2.3. Computed Tomography-Guided Hook Wire Localization Procedure

A senior radiologist meticulously reviewed recent chest CT images to determine the optimal puncture route and body position for hook wire placement. Through the use of a radio-opaque grid mesh across the chest wall, CT images were obtained to determine the shape, size and location of the lesion, as well as the interaction with adjacent tissues. Following sterilization and draping of the patient, 2% lidocaine was injected into the chest wall through the needle insertion site. The cannula needle was inserted slowly into the chest wall and lung parenchymal layer, as close to the target nodular lesion as possible, which was typically less than 15 mm away. After determining the appropriate positioning of the introducer needle using the guided CT image, the hook wire was released, and the introducer needle was carefully withdrawn. The CT scan was repeated to confirm the location of the hook wire and to determine whether any complications occurred, including pneumothorax, hemorrhage or subcutaneous emphysema.

2.4. Data Collection

Based on a retrospective analysis, we evaluated the performance of groups B and C in terms of lesion identification. Nodule detection efficiency was compared based on nodule characteristics (CT value and size). On the lung window settings (level, −700; width, 1500), the CT value at the image slice showing largest diameter of the nodule was measured, and the measurement of the largest diameter was also recorded. The region of interest (ROI) for CT value measurement was 3 mm by 3 mm in size, avoiding blood vessels, calcification and necrosis. Characteristics of target nodules (size, location, type, CT values, distance from visceral pleura, shortest distance between the nodule and the puncture needle and distance between the needle tip and the pleura) and procedure-related variables (patient position, number of needle insertions and total procedure time) were recorded. Any signs of pneumothorax, hemorrhage or subcutaneous emphysema would be recorded by the final CT scan or follow-up radiography within two days. The volume CT dose index (CTDIvol) and dose-length product (DLP) were obtained from the dose report. The effective dose (ED) was calculated by multiplying DLP by a conversion factor (0.014 mSv/mGy cm for the chest) [17].

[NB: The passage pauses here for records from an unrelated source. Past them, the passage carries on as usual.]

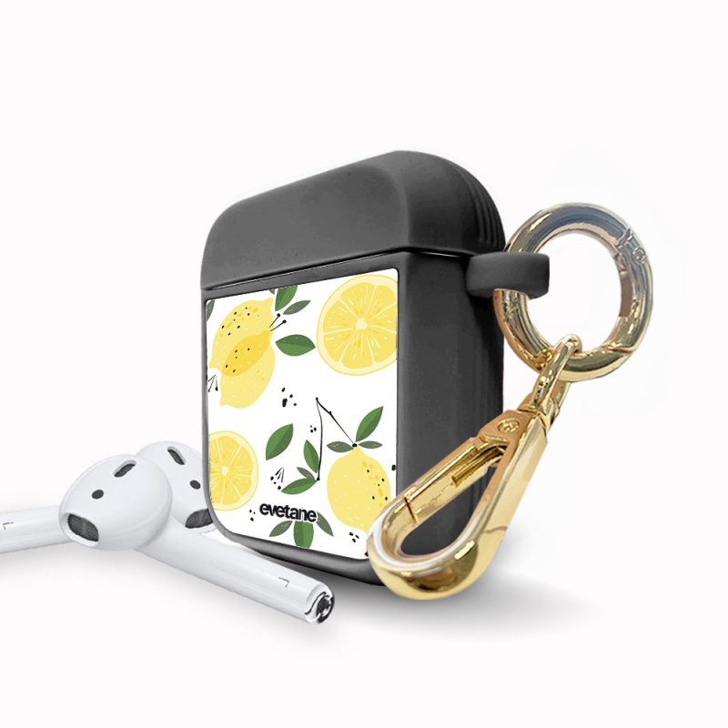 • Housse pour Airpods silicone liquide noir Citrons Motif Ecriture Tendance Evetane
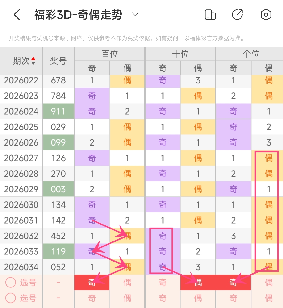 预计本期可关注奇偶比2:1,奇数占优组合 。本期奇偶形态可重点关注:奇偶奇。
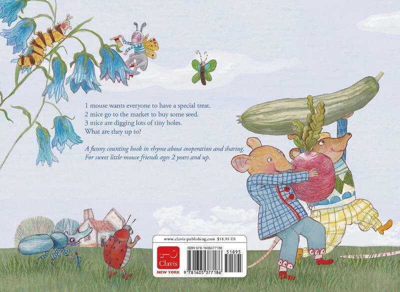 A funny counting book in rhyme about cooperation and sharing. For sweet little mouse friends ages 2.5 years and up.

2.5. Subjective Imaging Quality Evaluation

Using a 5-point scale, two radiologists with over five years of diagnostic experience independently evaluated each CT image for noise, artifacts, lesion detection, display of anatomical details and contouring. Specific criteria for scoring are as follows:
5 points for virtually no artifact, good visualization of nodules and anatomical details
4 points for low image noise and the presence of a few artifacts, adequate visualization of nodules and anatomical details
3 points for images with a moderate amount of noise and minor artifacts, a vague visualization of nodules and anatomical details
2 points for a high level of image noise and a moderate level of artifacts, no visualization of nodules and anatomical details
1 point for the highest level of noise plus the most obvious artifacts, no visualization of nodules and anatomical details. Scores of at least 3 points satisfy the requirements for puncture placement.

2.6. Statistical Analysis

Statistical analysis was performed using IBM SPSS Statistics software (Version 26, IBM Corp., Armonk, NY, USA). For continuous variables, the normality of distribution was assessed using the Kolmogorov–Smirnov test. The inter-group comparisons of continuous variables and categorical variables were performed with an independent sample t-test and Chi-Square test, respectively. The CT values and nodule sizes in groupsa B and C were analyzed using a paired sample t-test. A Mann-Whitney U test was used to analyze the subjective score and radiation dose of group A and B. Kappa statistics was used to evaluate the inter-observer consistency of the subjective scores, and Kappa ≥ 0.75 indicated satisfied consistency. An A value of p < 0.05 was considered as statistically significant difference.

3. Results

3.1. Demographics and Baseline Nodule Characteristics

A total of 151 patients with 184 nodules were enrolled: 52 males and 99 females, with a mean age of 56.3 years (range, 25–75 years). There was no significant demographic difference between the groups (p > 0.05). Based on CT scanning, pulmonary nodules could be categorized as pure GGNs (n = 107, 58.2%), part-solid GGNs (n = 67, 36.4%) and solid nodules (n = 10, 5.4%). Other characteristics of patients and nodules are summarized in Table 1.

3.2. Localization Procedure-Related Parameters

The intraoperative parameters included the patient’s position, diameter of lesion, lesion-pleura distance, shortest distance between the nodule and the puncture needle, distance between the needle tip and the pleura, number of needle insertions and procedure time and localization-related complications and surgery duration. The values for these parameters obtained for each protocol are summarized in Table 2. There were no significant differences between groups (p > 0.05). Figure 1 depicts representative CT-guided lung biopsy images using SDCT versus LDCT.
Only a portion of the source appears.